La discrimination envers les personnes séropositives et les tabous sont des problèmes aussi graves que la maladie elle-même. «Nous voulions utiliser une église pour nos activités de cirque, mais le prêtre ne voulait pas accepter d'enfants séropositifs. Il nous a laissé utiliser le stationnement», m'explique Anele Xhola, le jeune instructeur de ZipZap qui me conduit dans les rues bondées de Khayelitsha.

Travailler avec les enfants séropositifs des townships, c'est aussi côtoyer la mort. On l'oublie dans les pays riches du Nord, mais le sida tue encore.

«Celui-ci, le grand, là, me dit Laurence en montrant un adolescent sur une photo, il est mort l'an dernier. De la rougeole...»

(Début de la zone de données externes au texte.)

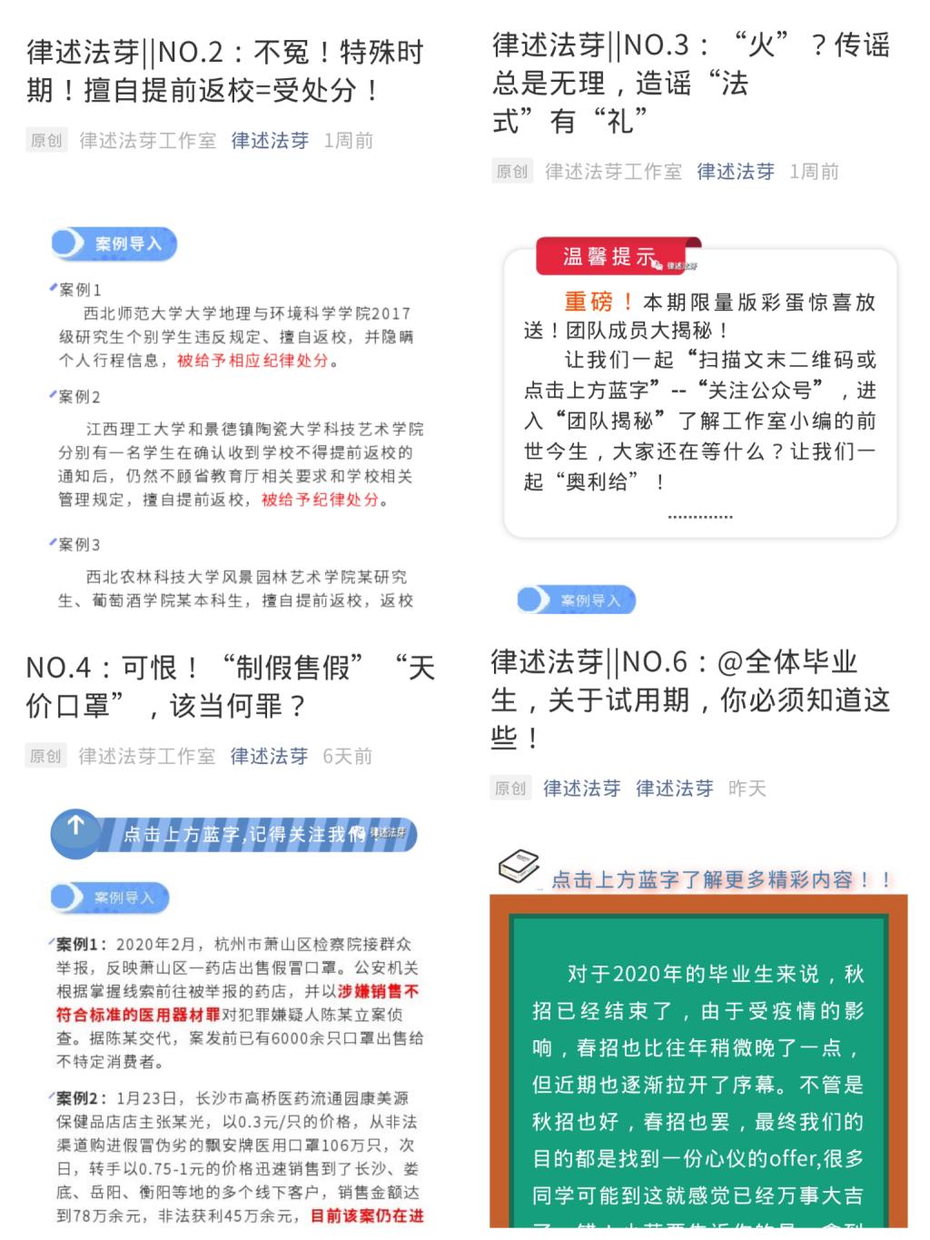 為進一步增強廣大師生“學法、知法、懂法、守法”的法治觀念,電智學院輔導員劉貝民牽頭成立了“律述法芽工作室”,及時將國家政策、輿論熱點和自身專業(yè)相結(jié)合,從法律的角度進行解讀、宣傳。原創(chuàng)《拘!疫情當下,拒不配合防控措施可能涉及犯罪》、《不冤!特殊時期!擅自提前返校=受處分!》和《“火”?傳謠總是無理,造謠“法式”有“禮”》等10余篇文章,引導學生遵守紀律,不擅自返校,勿聽勿信謠言。

Mourir de la rougeole en 2010? Des milliers de Sud-Africains séropositifs sont morts l'an dernier de la rougeole, faute de vaccins. «Le gouvernement avait mis la priorité sur la grippe H1N1 parce que les touristes s'en venaient pour la Coupe du monde, explique Laurence. Il y a eu une épidémie de rougeole, mais le vaccin est venu après. Parmi les séropositifs, ç'a été l'hécatombe.»

«Le but de ZipZap, ajoute Laurence, c'est aussi de divertir les jeunes de Khayelitsha, de leur changer les idées, eux qui passent beaucoup trop de temps aux enterrements la fin de semaine.»